Quarterly results strongly impacted by very low volumes.
- Revenue down to $313m due to change in perimeter and depressed market conditions
- GGR: after a strong Q4, very low level of multi-client after-sales, weighing on operating margin
- Equipment: sales and margin highly impacted by very low volumes
- Contractual Data Acquisition: a transitional quarter with low but stabilizing marine prices
- EBITDAs1 at $27m
- Operating Income1 at $(81)m
Execution of Transformation Plan well on track
- 3D marine fleet downsized to 5 vessels at the end of Q1, as scheduled
- Good ramp-up of marine multi-client commitments, with 70% of vessel capacity dedicated in Q2 and 60% in Q3
- Operating Cost reduction plan on track
- Capex tightly monitored
- Successful capital increase and French RCF extension completed
Strong cash generation
- Free Cash Flow1 at $118m versus $(20)m last year, mostly driven by positive change in working capital, good execution of the Plan and tight cost management
- Net debt at $2,102m corresponding to a 3.8x leverage ratio, for a year-end net debt targeted below $2.4bn
- Divestment of Multi-Physics Business Line underway
1Figures before Non-Recurring Charges (NRC) related to the Transformation Plan
Commenting on these results, Jean-Georges Malcor, CGG CEO, said:
“As we have already indicated, we have been navigating this quarter in a very depressed market. Our clients are reacting strongly to the prevailing very unfavorable oil prices by continuing to significantly reduce their capital expenditure and headcounts, and this has had a strong impact on our activities. This environment has mostly penalized Sercel and our multi-client after-sales, although the latter had a very good fourth quarter in 2015.
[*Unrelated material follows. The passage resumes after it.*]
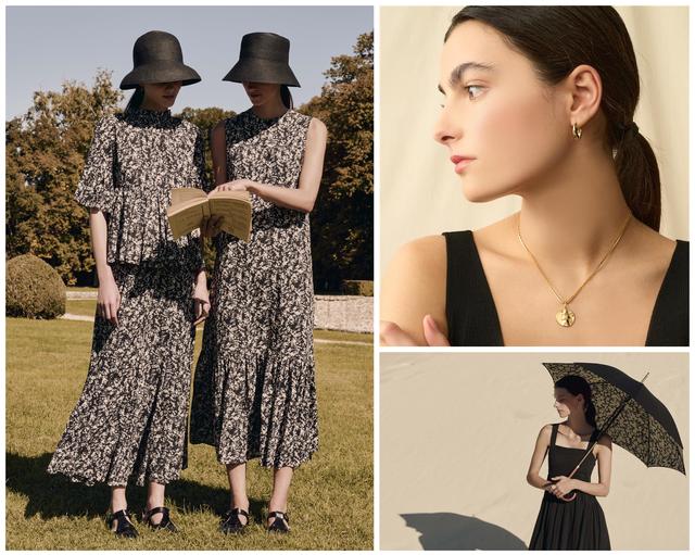 【MARIHA】らしい、ふとした動きで揺らめくエレガントなワンピースのほか、優雅なフレアスリーブのブラウスも印象的。日常からバカンスまで、大人のさまざまなシーンを優美に凛と彩ります。

In this context, we are staying focused on what is within our control and in particular operational and HSE performance, adaptation of the Group and delivery of our Transformation Plan, tight control of costs and Capex, and stringent cash management. As a result of this and a positive change in working capital this quarter, we were able to post a positive free cash flow, showing a strong improvement compared to the first quarter of 2015.
Our successful 350 million euro capital increase in February 2016 safeguards the Company’s liquidity. It will enable us, as we announced, to finance our Transformation Plan which we are implementing with vigor and determination and put the Group in the best position for when the market bounces back. We recently received the relevant authorizations for our staff reduction plans and our offshore fleet is now operating with five vessels.
While we continue to expect a depressed environment for the whole year, we should fully benefit from our Transformation Plan in the second half. We remain fully committed to refocusing on our high added-value Geoscience activities and actively managing our cash situation and our balance sheet. We confirm that we are aiming to reach a net debt of less than 2.4 billion dollars by the end of 2016.”